**PROBLEM DESCRIPTION**
Return the data below unaltered, but strip out the pictures.

**SUPPLIED MATERIAL**

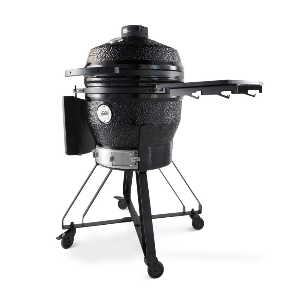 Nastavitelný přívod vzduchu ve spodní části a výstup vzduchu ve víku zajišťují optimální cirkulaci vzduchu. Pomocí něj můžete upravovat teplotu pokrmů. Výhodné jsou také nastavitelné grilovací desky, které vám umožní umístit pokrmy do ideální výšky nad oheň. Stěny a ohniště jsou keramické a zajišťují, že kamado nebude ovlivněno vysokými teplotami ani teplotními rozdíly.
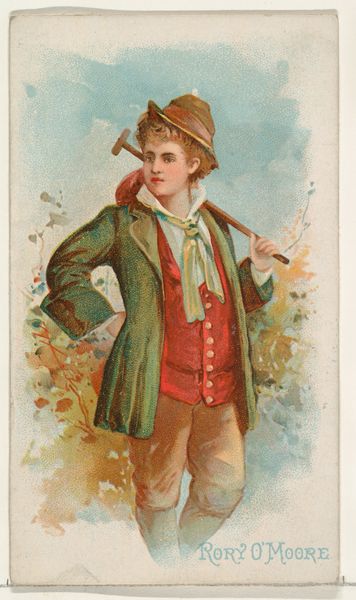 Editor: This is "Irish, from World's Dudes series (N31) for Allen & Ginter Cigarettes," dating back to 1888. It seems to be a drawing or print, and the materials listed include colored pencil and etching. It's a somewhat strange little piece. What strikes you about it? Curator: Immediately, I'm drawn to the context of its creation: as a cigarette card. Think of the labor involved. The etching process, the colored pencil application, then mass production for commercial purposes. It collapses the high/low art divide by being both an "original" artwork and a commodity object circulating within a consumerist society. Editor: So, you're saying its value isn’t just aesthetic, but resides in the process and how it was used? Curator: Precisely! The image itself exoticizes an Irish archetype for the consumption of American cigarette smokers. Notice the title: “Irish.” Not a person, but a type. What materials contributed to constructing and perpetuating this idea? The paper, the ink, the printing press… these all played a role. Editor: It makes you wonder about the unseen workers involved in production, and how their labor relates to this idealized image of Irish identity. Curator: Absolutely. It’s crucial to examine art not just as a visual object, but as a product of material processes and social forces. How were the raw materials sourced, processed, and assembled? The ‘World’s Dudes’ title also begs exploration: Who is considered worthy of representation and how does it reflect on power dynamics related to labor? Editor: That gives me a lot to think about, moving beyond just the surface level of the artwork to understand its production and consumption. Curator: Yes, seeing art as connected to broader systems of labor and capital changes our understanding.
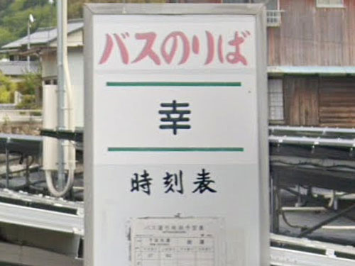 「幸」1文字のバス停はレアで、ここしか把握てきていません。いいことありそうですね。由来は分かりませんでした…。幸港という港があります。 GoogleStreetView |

**RESULT FOR THIS TASK**
 Nastavitelný přívod vzduchu ve spodní části a výstup vzduchu ve víku zajišťují optimální cirkulaci vzduchu. Pomocí něj můžete upravovat teplotu pokrmů. Výhodné jsou také nastavitelné grilovací desky, které vám umožní umístit pokrmy do ideální výšky nad oheň. Stěny a ohniště jsou keramické a zajišťují, že kamado nebude ovlivněno vysokými teplotami ani teplotními rozdíly.
 Editor: This is "Irish, from World's Dudes series (N31) for Allen & Ginter Cigarettes," dating back to 1888. It seems to be a drawing or print, and the materials listed include colored pencil and etching. It's a somewhat strange little piece. What strikes you about it? Curator: Immediately, I'm drawn to the context of its creation: as a cigarette card. Think of the labor involved. The etching process, the colored pencil application, then mass production for commercial purposes. It collapses the high/low art divide by being both an "original" artwork and a commodity object circulating within a consumerist society. Editor: So, you're saying its value isn’t just aesthetic, but resides in the process and how it was used? Curator: Precisely! The image itself exoticizes an Irish archetype for the consumption of American cigarette smokers. Notice the title: “Irish.” Not a person, but a type. What materials contributed to constructing and perpetuating this idea? The paper, the ink, the printing press… these all played a role. Editor: It makes you wonder about the unseen workers involved in production, and how their labor relates to this idealized image of Irish identity. Curator: Absolutely. It’s crucial to examine art not just as a visual object, but as a product of material processes and social forces. How were the raw materials sourced, processed, and assembled? The ‘World’s Dudes’ title also begs exploration: Who is considered worthy of representation and how does it reflect on power dynamics related to labor? Editor: That gives me a lot to think about, moving beyond just the surface level of the artwork to understand its production and consumption. Curator: Yes, seeing art as connected to broader systems of labor and capital changes our understanding.
 「幸」1文字のバス停はレアで、ここしか把握てきていません。いいことありそうですね。由来は分かりませんでした…。幸港という港があります。 GoogleStreetView |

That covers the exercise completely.